Given records Start Marker

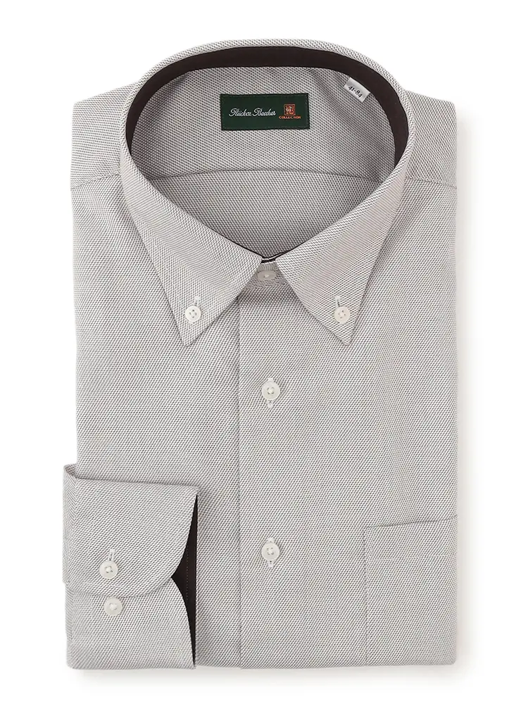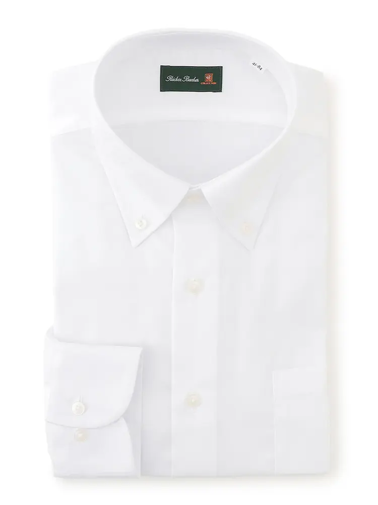 【形態安定】長袖 ワイシャツ ボタンダウン 白ドビー 織柄無地 ハントレークラブ 通年
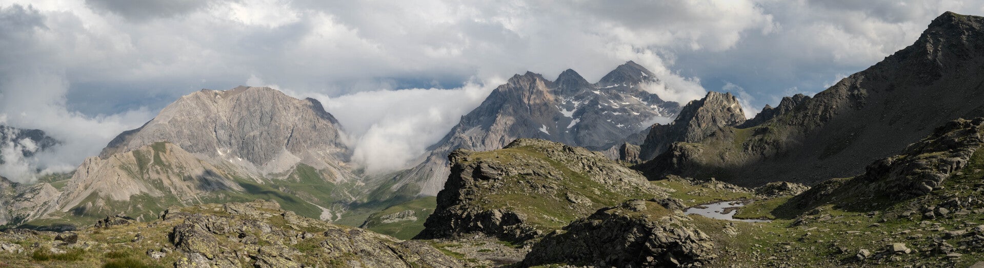 En progressant en altitude, la nébulosité prend de l'ampleur sur la zone frontalière, notamment au-dessus du Grand Argentier 3042m, du Col de la Roue, de la Cime de la Planette 3104m et de la Roche Bernaude 3226m, les principaux sommets dans notre dos.
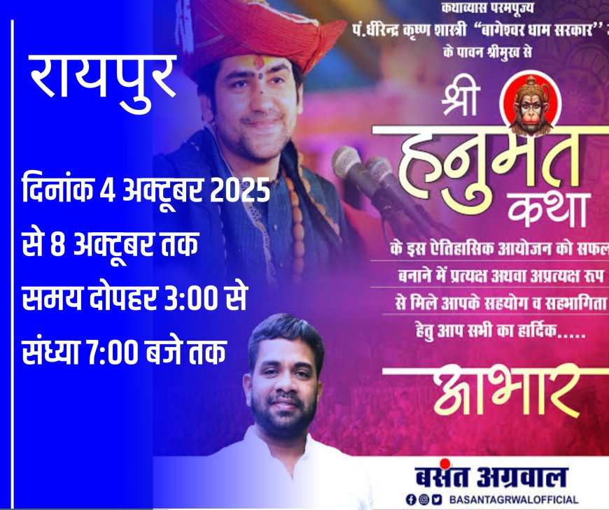 रायपुर। राजधानी रायपुर इस अक्टूबर महीने में एक और ऐतिहासिक आध्यात्मिक आयोजन की मेजबानी करने जा रहा है। गुढ़ियारी की पुण्य धरा पर बागेश्वर धाम पीठाधीश्वर, पूज्य पं. धीरेंद्र कृष्ण शास्त्री जी के श्रीमुख से दिव्य श्री हनुमंत कथा का आयोजन 4 अक्टूबर से 8 अक्टूबर 2025 तक होगा। इस दौरान कथा के साथ-साथ दिव्य दरबार भी सजेगा, जिसमें लाखों की संख्या में श्रद्धालुओं के शामिल होने की संभावना है। शहर में इसे लेकर उत्साह चरम पर है और तैयारियां युद्धस्तर पर चल रही हैं।
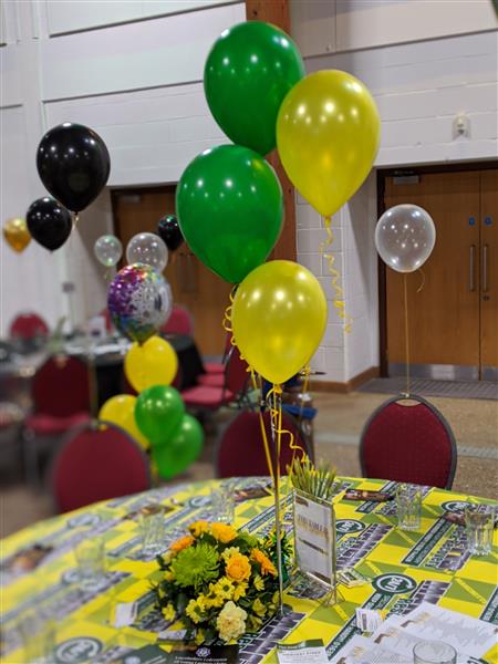 Helium balloons add fun to add event and fill large rooms well and inexpensively.
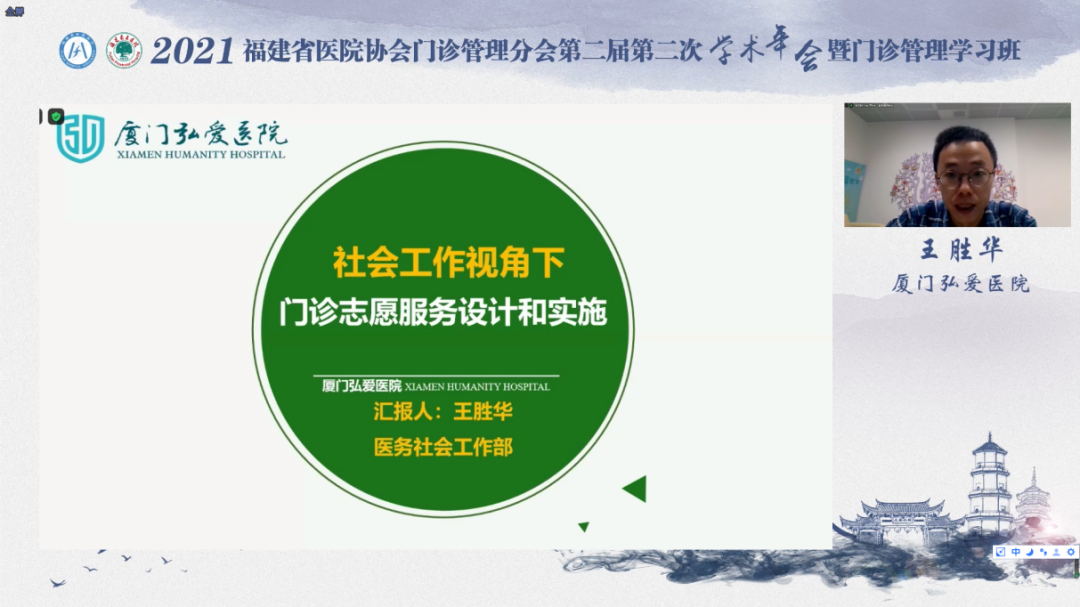 本次学习班采用线上形式召开,邀请了省内外门诊管理专家进行专题授课,内容围绕“建设智慧门诊 提升患者就医体验”“门诊绩效考核与医院高质量发展”“社会工作视角下门诊志愿服务设计和实施”“附一视角下的医院服务管理”等。授课专家分享了医院门诊管理的创新模式及管理成效,为全省各地、市、县级医院门诊管理专业人员传授门诊管理的经验与方法, 进一步推动了福建省医院门诊管理工作的顺利开展。

Given records End Marker

From the records given above, reproduce all text exactly and exclude each picture.

(Solution for this task)
 【形態安定】長袖 ワイシャツ ボタンダウン 白ドビー 織柄無地 ハントレークラブ 通年
 En progressant en altitude, la nébulosité prend de l'ampleur sur la zone frontalière, notamment au-dessus du Grand Argentier 3042m, du Col de la Roue, de la Cime de la Planette 3104m et de la Roche Bernaude 3226m, les principaux sommets dans notre dos.
 रायपुर। राजधानी रायपुर इस अक्टूबर महीने में एक और ऐतिहासिक आध्यात्मिक आयोजन की मेजबानी करने जा रहा है। गुढ़ियारी की पुण्य धरा पर बागेश्वर धाम पीठाधीश्वर, पूज्य पं. धीरेंद्र कृष्ण शास्त्री जी के श्रीमुख से दिव्य श्री हनुमंत कथा का आयोजन 4 अक्टूबर से 8 अक्टूबर 2025 तक होगा। इस दौरान कथा के साथ-साथ दिव्य दरबार भी सजेगा, जिसमें लाखों की संख्या में श्रद्धालुओं के शामिल होने की संभावना है। शहर में इसे लेकर उत्साह चरम पर है और तैयारियां युद्धस्तर पर चल रही हैं।
 Helium balloons add fun to add event and fill large rooms well and inexpensively.
 本次学习班采用线上形式召开,邀请了省内外门诊管理专家进行专题授课,内容围绕“建设智慧门诊 提升患者就医体验”“门诊绩效考核与医院高质量发展”“社会工作视角下门诊志愿服务设计和实施”“附一视角下的医院服务管理”等。授课专家分享了医院门诊管理的创新模式及管理成效,为全省各地、市、县级医院门诊管理专业人员传授门诊管理的经验与方法, 进一步推动了福建省医院门诊管理工作的顺利开展。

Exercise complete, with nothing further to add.